**Problem requirements**
From top to bottom, retype the data exactly, passing over any picture.

**Supplied information**
----
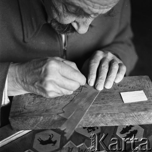 Praca Leona Kuźmińskiego (95lat) przedstawiająca herby miast polskich, wykonana techniką intarsji.
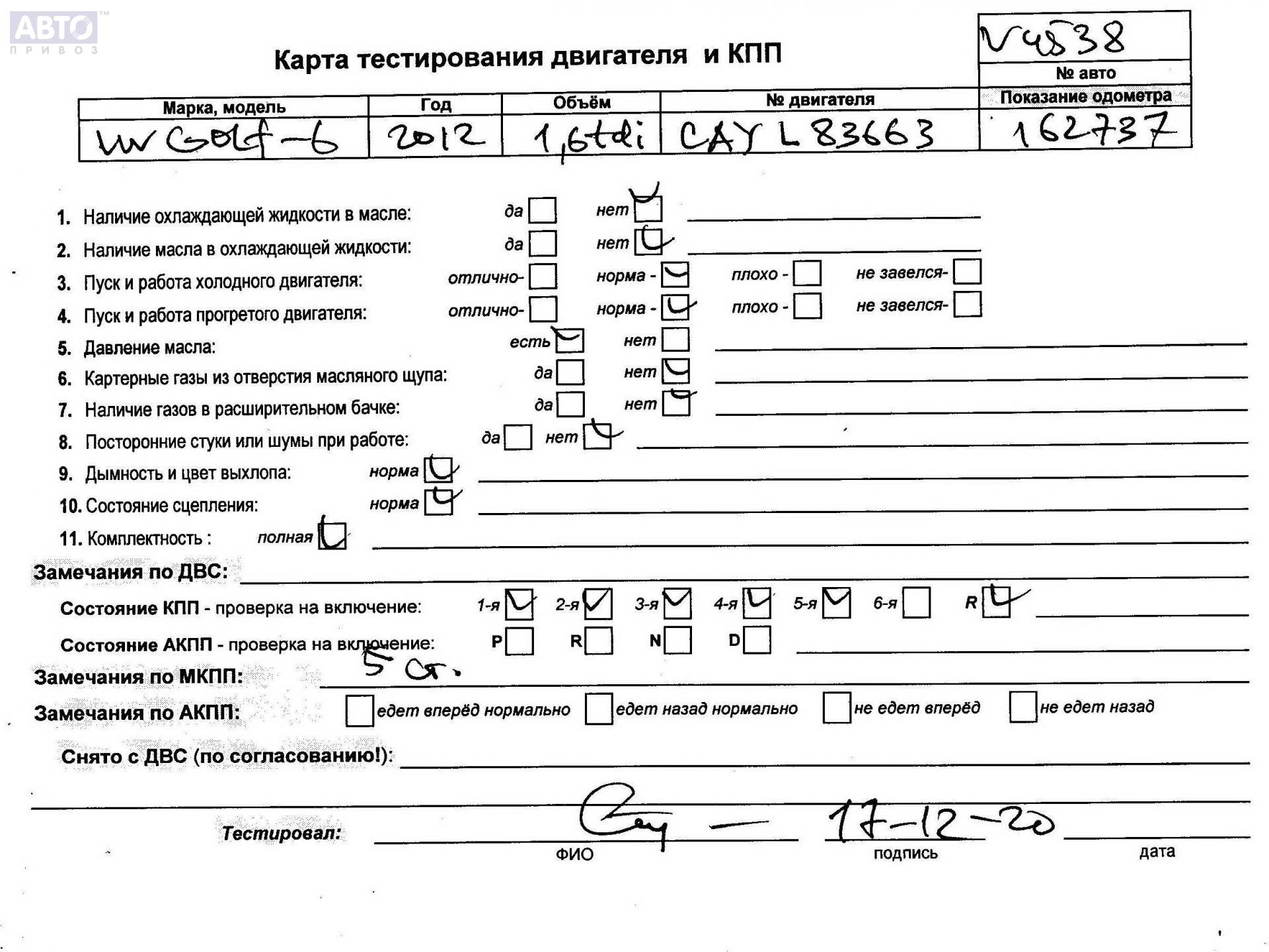 | Марка / Модель / Год: | Volkswagen Golf-6 2012 |
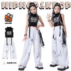 黒 白 タイダイ柄 へそ出し キッズ ダンス衣装 セットアップ こども 子供 カジュアル タンクトップ カジュアルパンツ ロングパンツ ジャズダンス ヒップホップ
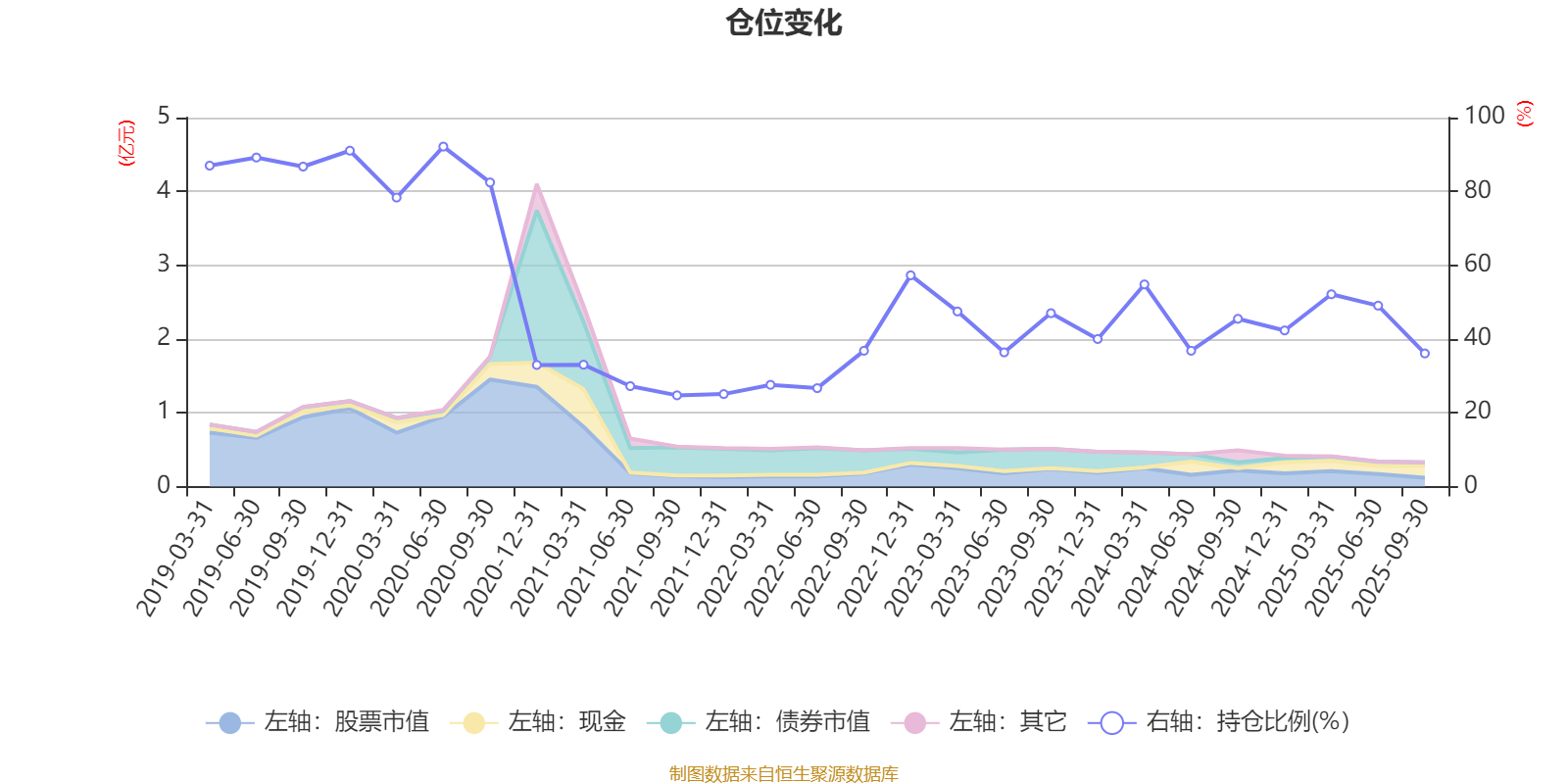 据定期报告数据统计,近三年平均股票仓位为45.39%,同类平均为72.35%。2020年上半年末基金达到92.14%的最高仓位,2021年三季度末最低,为24.73%。
----
**Task result**
 Praca Leona Kuźmińskiego (95lat) przedstawiająca herby miast polskich, wykonana techniką intarsji.
 | Марка / Модель / Год: | Volkswagen Golf-6 2012 |
 黒 白 タイダイ柄 へそ出し キッズ ダンス衣装 セットアップ こども 子供 カジュアル タンクトップ カジュアルパンツ ロングパンツ ジャズダンス ヒップホップ
 据定期报告数据统计,近三年平均股票仓位为45.39%,同类平均为72.35%。2020年上半年末基金达到92.14%的最高仓位,2021年三季度末最低,为24.73%。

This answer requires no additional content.